« Back to Results

Bayesian and Likelihood Methods

Paper Session

Sunday, Jan. 6, 2019 1:00 PM - 3:00 PM

Atlanta Marriott Marquis, L504
Hosted By: Econometric Society
  • Chair: Molin Zhong, Federal Reserve Board

Bayesian Estimation and Comparison of Conditional Moment Models

Siddhartha Chib
,
Washington University-St. Louis
Minchul Shin
,
University of Illinois
Anna Simoni
,
CNRS and CREST

Abstract

In this paper we consider an extension of the Bayesian exponentially tilted empirical likelihood framework developed in Chib, Shin and Simoni (2017) for unconditional moment condition models to conditional moment models. The basic idea is to transform the conditional moments in a sequence of unconditional moments by using a vector of approximating functions with increasing dimension. We consider both correctly and incorrectly specified conditional moment models and demonstrate that in both cases the Bayesian posterior distribution satisfies the Bernstein-von Mises theorem, subject to a rate condition on the number of approximating functions. We also develop an approach based on marginal likelihoods for comparing different conditional moment restricted models and establish the model selection consistency of the marginal likelihood. Several examples are used to illustrate the framework and results.

Adaptive Bayesian Estimation of Mixed Discrete-Continuous Distributions under Smoothness and Sparsity

Andriy Norets
,
Brown University
Justinas Pelenis
,
Institute for Advanced Studies-Vienna

Abstract

We consider nonparametric estimation of a mixed discrete-continuous distribution
under anisotropic smoothness conditions and possibly increasing number of support points for the discrete part of the distribution. For these settings, we derive lower bounds on the estimation rates in the total variation distance. Next, we consider a nonparametric mixture of normals model that uses continuous latent variables for the discrete part of the observations. We show that the posterior in this model contracts at rates that are equal to the derived lower bounds up to a log factor. Thus, Bayesian mixture of normals models can be used for optimal adaptive estimation of mixed discrete-continuous distributions.

Density Forecasts in Panel Data Models: A Semiparametric Bayesian Perspective

Laura Liu
,
Federal Reserve Board

Abstract

This paper constructs individual-specific density forecasts for a panel of firms or households using a dynamic linear model with common and heterogeneous coefficients and cross-sectional heteroskedasticity. The panel considered in this paper features a large cross-sectional dimension N but short time series T. Due to the short T, traditional methods have difficulty in disentangling the heterogeneous parameters from the shocks, which contaminates the estimates of the heterogeneous parameters. To tackle this problem, I assume that there is an underlying distribution of heterogeneous parameters, model this distribution nonparametrically allowing for correlation between heterogeneous parameters and initial conditions as well as individual-specific regressors, and then estimate this distribution by pooling the information from the whole cross-section together. Theoretically, I prove that both the estimated common parameters and the estimated distribution of the heterogeneous parameters achieve posterior consistency, and that the density forecasts asymptotically converge to the oracle forecast. Methodologically, I develop a simulation-based posterior sampling algorithm specifically addressing the nonparametric density estimation of unobserved heterogeneous parameters. Monte Carlo simulations and an application to young firm dynamics demonstrate improvements in density forecasts relative to alternative approaches.

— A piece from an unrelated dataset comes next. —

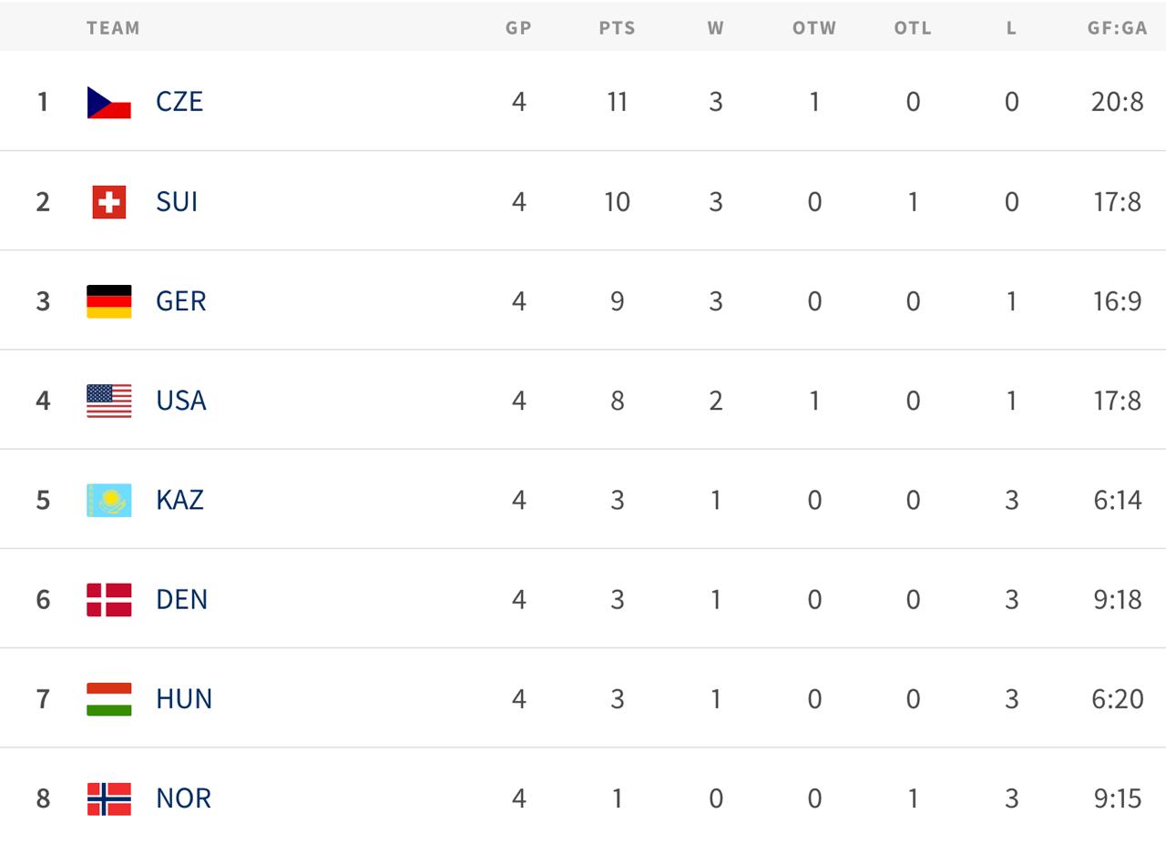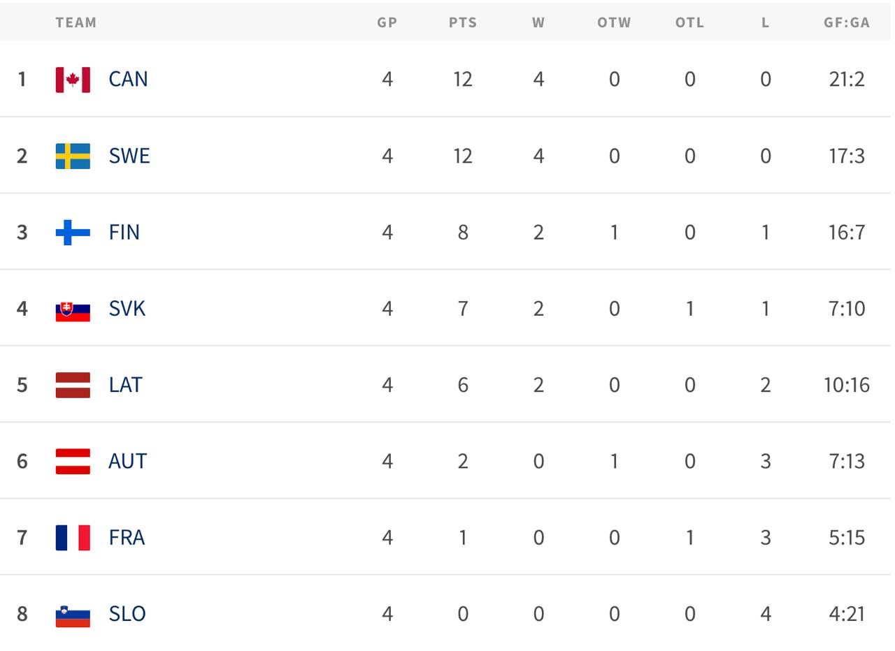 Группу "А" возглавляет Канада, одержавшая победы в четырёх матчах. Сборная Чехии с четырьмя победами в активе лидирует в группе "В".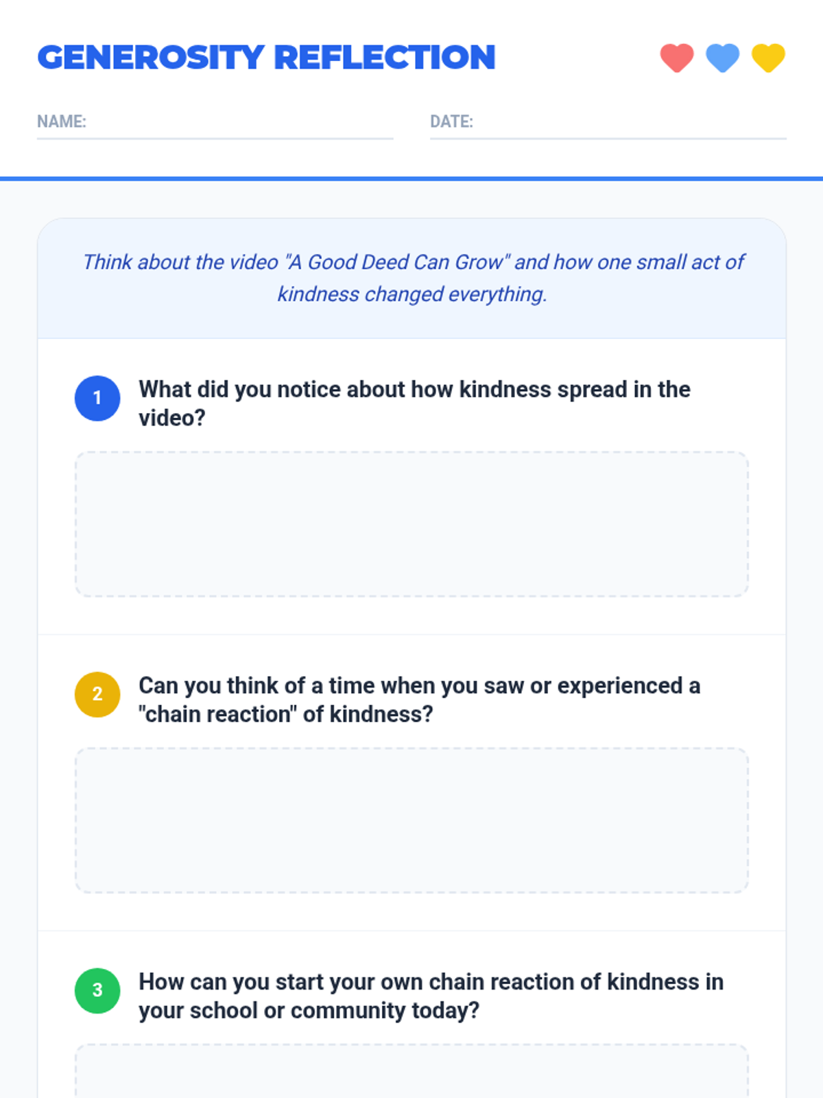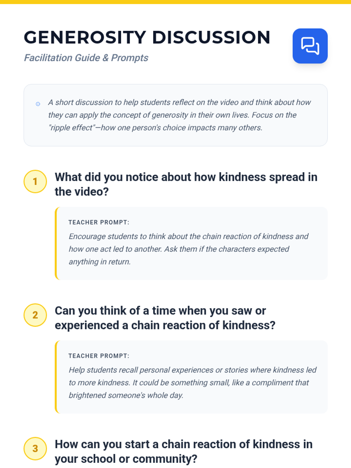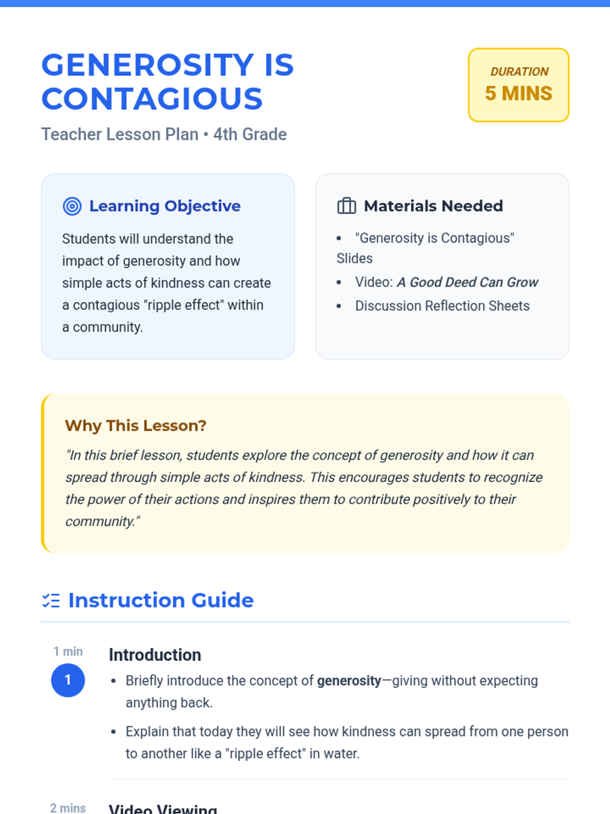 A quick 5-minute lesson for 4th graders exploring how acts of generosity create a contagious ripple effect in a community. Students watch a short video and discuss how they can start their own chain reactions of kindness.

Likelihood Evaluation of Models with Occasionally Binding Constraints

Pablo Cuba-Borda
,
Federal Reserve Board
Luca Guerrieri
,
Federal Reserve Board
Matteo Iacoviello
,
Boston College
Molin Zhong
,
Federal Reserve Board

Abstract

Applied researchers often need to estimate key parameters of DSGE models. Except in a handful of special cases, both the solution and the estimation step will require the use of numerical approximation techniques that introduce additional sources of error between the "true" value of the parameter and its actual estimate. In this paper, we focus on likelihood evaluation of models with occasionally binding constraints. We highlight how solution approximation errors and errors in specifying the likelihood function interact in ways that can compound each other.
JEL Classifications
  • C1 - Econometric and Statistical Methods and Methodology: General
  • C5 - Econometric Modeling